The Comma—Part Two: Using Commas

Our editors explain comma usage

A bendable yellow man with a large smile is holding a wooden sign with a comma on it.
Are you having trouble figuring out
when using commas is correct? Follow
the advice of our editors to ensure
your comma usage is correct.

In our earlier article we highlighted what the comma is and some of the common comma rules. In the process, we learned that commas remove ambiguity and ensure that readers understand the meaning the author wants to convey. Let's continue looking at some additional grammatical constructions that call for comma usage.

Using commas: Dates

A comma separates the month and date from the year.

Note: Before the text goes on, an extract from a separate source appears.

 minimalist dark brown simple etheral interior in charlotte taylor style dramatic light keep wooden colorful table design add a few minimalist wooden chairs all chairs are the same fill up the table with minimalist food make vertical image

On March 23, 2009, David and Alice will be married.

However, if the date is written in the inverted style, or if only the month and year are given, no comma is needed.

The new law goes into effect 30 May 2010.

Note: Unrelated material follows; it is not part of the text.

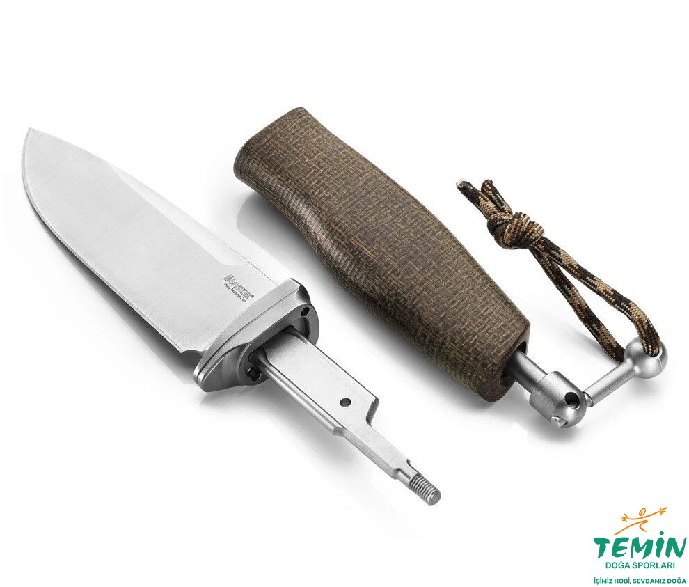 SOLID sap, Burlap Micarta'nın üç farklı varyasyonunda mevcuttur ve ergonomisi, bıçak kullanıcısının eline her türlü tutuşla rahatça oturur.

October 2006 was the month we went over our budget.

Using commas: Addresses

Street address, city, and state are separated by commas.

I am moving to 45 Magnolia Lane, Toronto, Ontario.

Using commas: Titles

If a title follows a name, a pair of commas separates it from the rest of the sentence.

Michael Smith, paleontologist, will lead the excavation.

Using commas: Numbers

In numbers longer than four digits, commas separate the numbers into groups of three, starting from the right side.

15,000

10,000,000

This convention is predominantly found in North American and British English. Numbers may be punctuated differently in other languages.

Using commas: Coordinate adjectives (but not cumulative adjectives)

Coordinate adjectives are adjectives that modify a noun on their own. Commas separate two or more coordinate adjectives.

It's going to be a long, hot, busy summer.

Cumulative adjectives depend on one another for meaning. Do not use commas to separate two or more cumulative adjectives.

Three large red trucks were headed for the entrance ramp.

What if you aren't sure whether you're dealing with coordinate or cumulative adjectives? Scribendi.com's editing services suggest trying these two tests:

1. If you insert the word and between the adjectives, does the sentence still make sense?
2. If you list the adjectives in a different order, does the sentence still make sense?

If you answered yes, you have a list of coordinate adjectives, and they should be separated by commas. If you answered no, you have a list of cumulative adjectives, and they should not be separated by commas.

Using commas: Non-restrictive appositives (but not restrictive appositives)

An appositive is a noun or noun phrase that renames a nearby noun. The need for commas around an appositive depends on whether it is restrictive or non-restrictive.

A non-restrictive appositive is a phrase that restates information already given.

My oldest son, Michael, won the race.

The phrase my oldest son can only refer to one person, so the addition of his name is not necessary for us to understand the meaning of the sentence. The appositive could be removed, and we would still know who won the race. Commas are used to set apart non-restrictive appositives.

A restrictive appositive is a phrase that clarifies an ambiguity in the information already given.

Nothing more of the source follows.